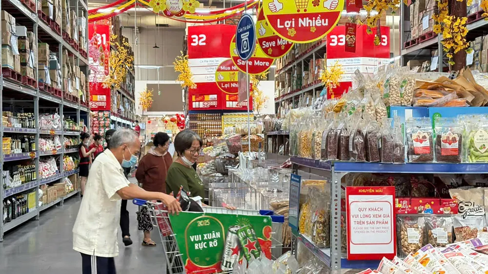 Tính đến chiều 9-1, sức mua tại chuỗi siêu thị bán lẻ trực thuộc Tập đoàn Central Retail Việt Nam (GO, BigC, Tops Market…) tăng từ 20-30% so với ngày bình thường và tăng hơn 10% so với cùng kỳ năm trước. Nhóm mặt hàng quà biếu, tặng dịp tết gồm trà, bánh kẹo, bia, nước ngọt… được khách quan tâm nhiều. Khoảng 10.000 sản phẩm hàng tiêu dùng nhanh được hệ thống “khóa giá”, không tăng giá bán dịp tết.
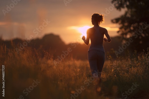 woman, jogging, sunset, silhouette, running, field, grass, golden hour, evening, outdoors, healthy, exercise, fitness, caucasian, female, young adult, athletic, active, nature, landscape, peaceful, tranquil, serene, backlit
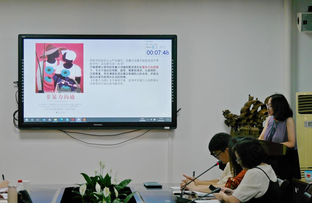 罗欧雯老师分享了《非暴力沟通》一书,认为我们应该在爱自己的前提下多尝试非暴力沟通。那么如何进行非暴力沟通呢?罗老师给出了“观察”“感受”“需要”“请求”4个关键词,具体是指在沟通过程中,要仔细聆听对方所说的话,以尽可能了解情况;要充分表达自己的感受,以便尽可能使沟通更为顺畅;要勇敢去告诉并解释对方你的需求,以让对方更好的去理解你;要真诚地表达我们的需求。并通过分享自己运用非暴力沟通的小故事,让大家印象深刻。
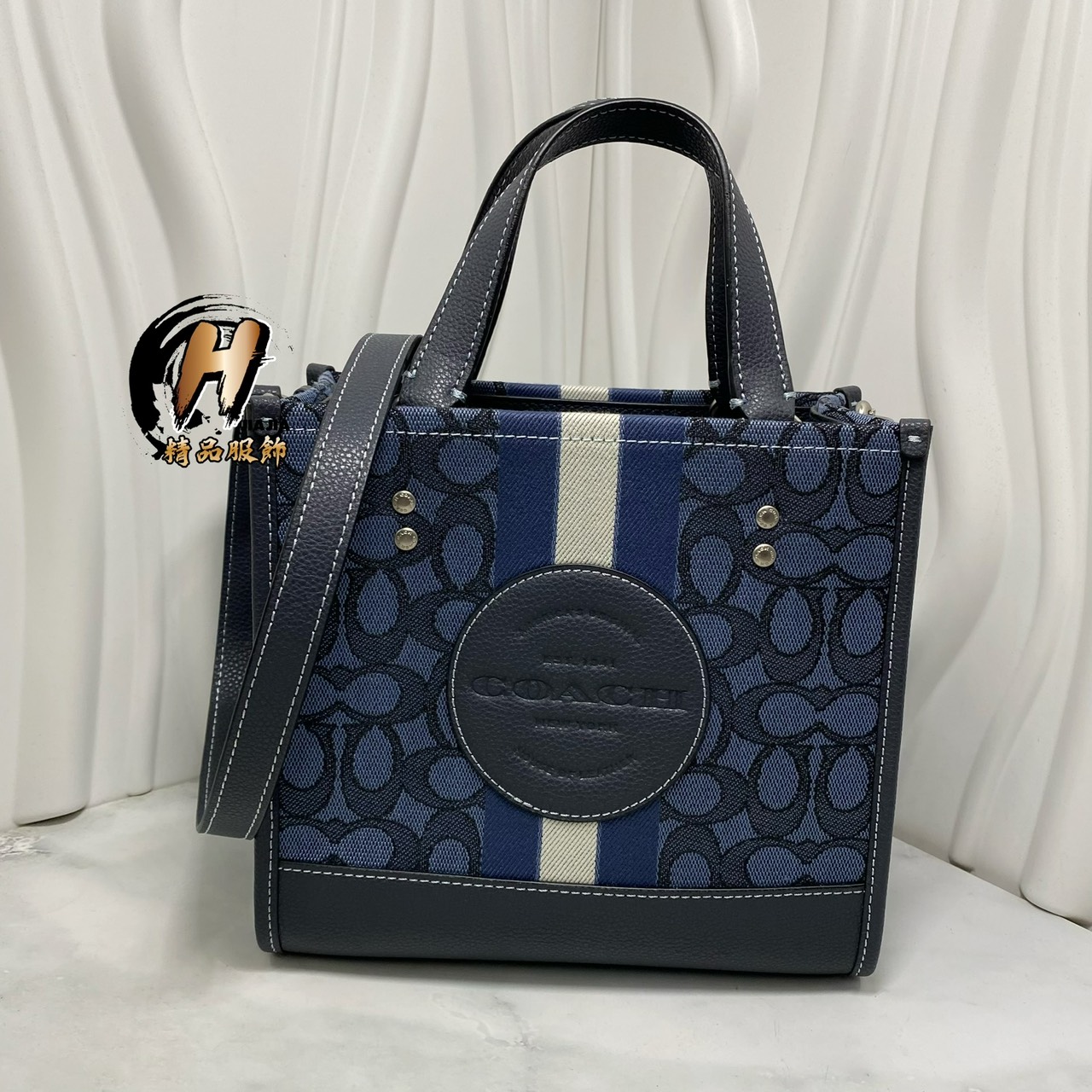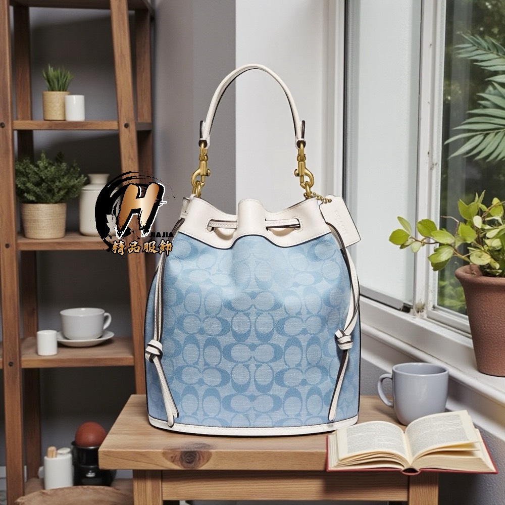 COACH 新款FIELD丹寧牛仔 Bucket Bag 香布蕾 藍白 水桶包 斜背包

################

Requirement:
Every line above is to be repeated exactly, but no picture is to appear in the copy.

Result of this exercise:
 Tính đến chiều 9-1, sức mua tại chuỗi siêu thị bán lẻ trực thuộc Tập đoàn Central Retail Việt Nam (GO, BigC, Tops Market…) tăng từ 20-30% so với ngày bình thường và tăng hơn 10% so với cùng kỳ năm trước. Nhóm mặt hàng quà biếu, tặng dịp tết gồm trà, bánh kẹo, bia, nước ngọt… được khách quan tâm nhiều. Khoảng 10.000 sản phẩm hàng tiêu dùng nhanh được hệ thống “khóa giá”, không tăng giá bán dịp tết.
 woman, jogging, sunset, silhouette, running, field, grass, golden hour, evening, outdoors, healthy, exercise, fitness, caucasian, female, young adult, athletic, active, nature, landscape, peaceful, tranquil, serene, backlit
 罗欧雯老师分享了《非暴力沟通》一书,认为我们应该在爱自己的前提下多尝试非暴力沟通。那么如何进行非暴力沟通呢?罗老师给出了“观察”“感受”“需要”“请求”4个关键词,具体是指在沟通过程中,要仔细聆听对方所说的话,以尽可能了解情况;要充分表达自己的感受,以便尽可能使沟通更为顺畅;要勇敢去告诉并解释对方你的需求,以让对方更好的去理解你;要真诚地表达我们的需求。并通过分享自己运用非暴力沟通的小故事,让大家印象深刻。
 COACH 新款FIELD丹寧牛仔 Bucket Bag 香布蕾 藍白 水桶包 斜背包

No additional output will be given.